## WHAT YOU ARE ASKED TO DO
Once you find the line containing "2023年12月,浙江省社会" in the data below, copy it and each following line exactly, up to and including the line containing "Οι μαύροι της", and nothing else.

## RECORDS PROVIDED
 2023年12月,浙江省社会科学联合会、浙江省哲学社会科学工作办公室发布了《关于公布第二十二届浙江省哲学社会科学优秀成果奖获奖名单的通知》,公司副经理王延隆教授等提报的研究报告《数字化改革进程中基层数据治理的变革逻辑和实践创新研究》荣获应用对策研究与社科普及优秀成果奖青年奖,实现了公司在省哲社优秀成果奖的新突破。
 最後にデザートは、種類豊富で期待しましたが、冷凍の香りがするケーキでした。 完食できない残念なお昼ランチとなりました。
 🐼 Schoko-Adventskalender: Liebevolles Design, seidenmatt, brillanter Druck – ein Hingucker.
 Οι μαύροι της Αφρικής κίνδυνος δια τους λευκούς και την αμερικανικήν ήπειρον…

==

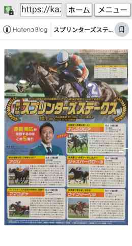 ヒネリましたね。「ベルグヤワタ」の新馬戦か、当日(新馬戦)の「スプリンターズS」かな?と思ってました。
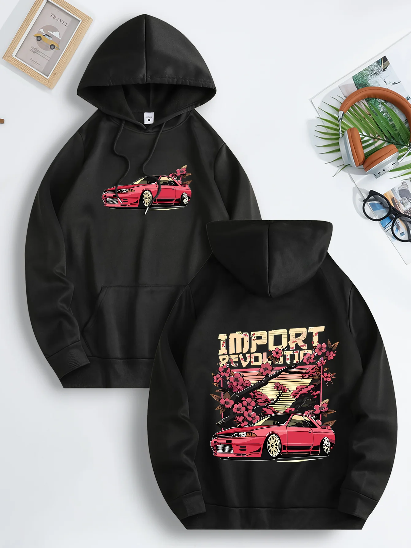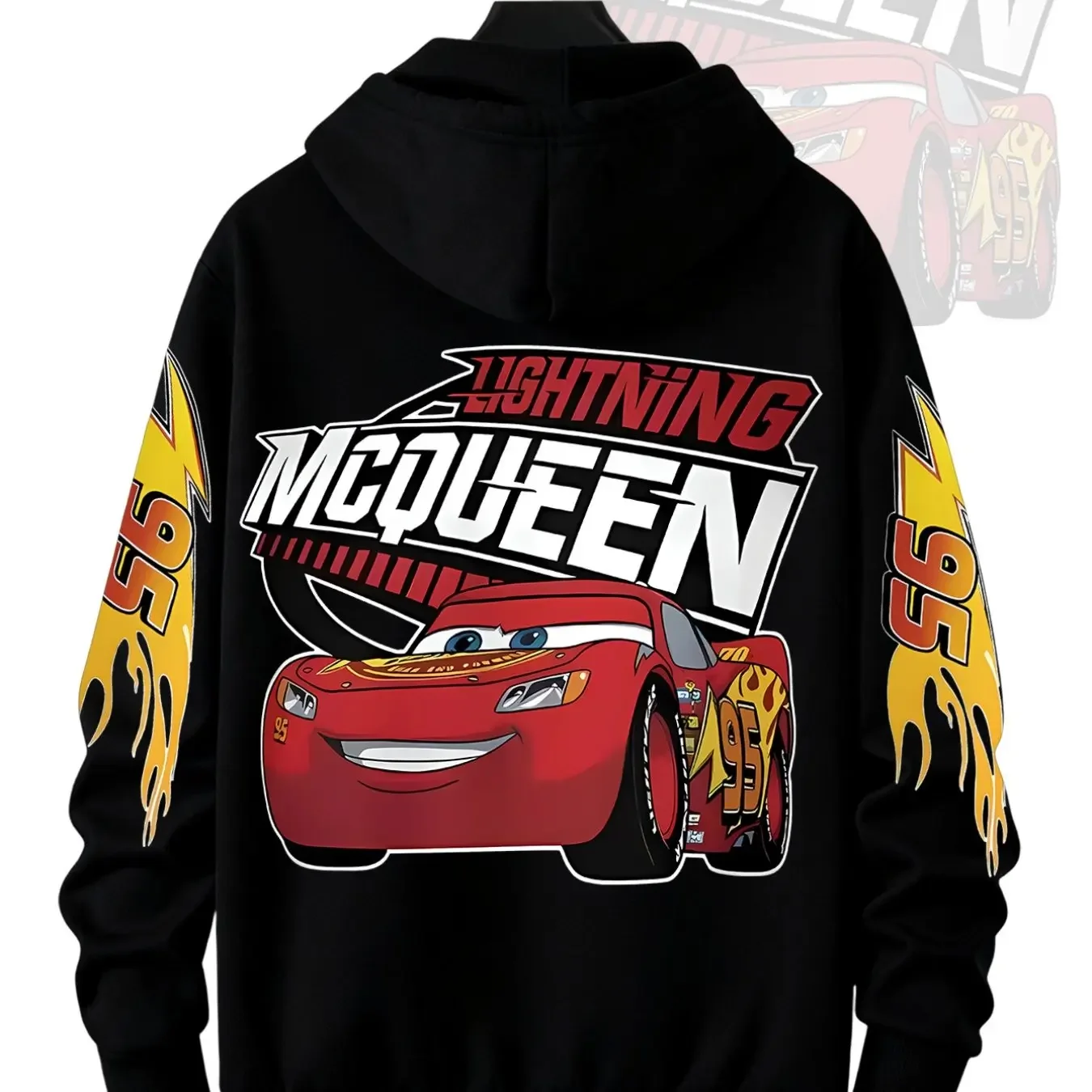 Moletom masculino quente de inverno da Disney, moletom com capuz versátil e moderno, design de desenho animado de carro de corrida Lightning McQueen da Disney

## RESULT OF THIS TASK
 2023年12月,浙江省社会科学联合会、浙江省哲学社会科学工作办公室发布了《关于公布第二十二届浙江省哲学社会科学优秀成果奖获奖名单的通知》,公司副经理王延隆教授等提报的研究报告《数字化改革进程中基层数据治理的变革逻辑和实践创新研究》荣获应用对策研究与社科普及优秀成果奖青年奖,实现了公司在省哲社优秀成果奖的新突破。
 最後にデザートは、種類豊富で期待しましたが、冷凍の香りがするケーキでした。 完食できない残念なお昼ランチとなりました。
 🐼 Schoko-Adventskalender: Liebevolles Design, seidenmatt, brillanter Druck – ein Hingucker.
 Οι μαύροι της Αφρικής κίνδυνος δια τους λευκούς και την αμερικανικήν ήπειρον…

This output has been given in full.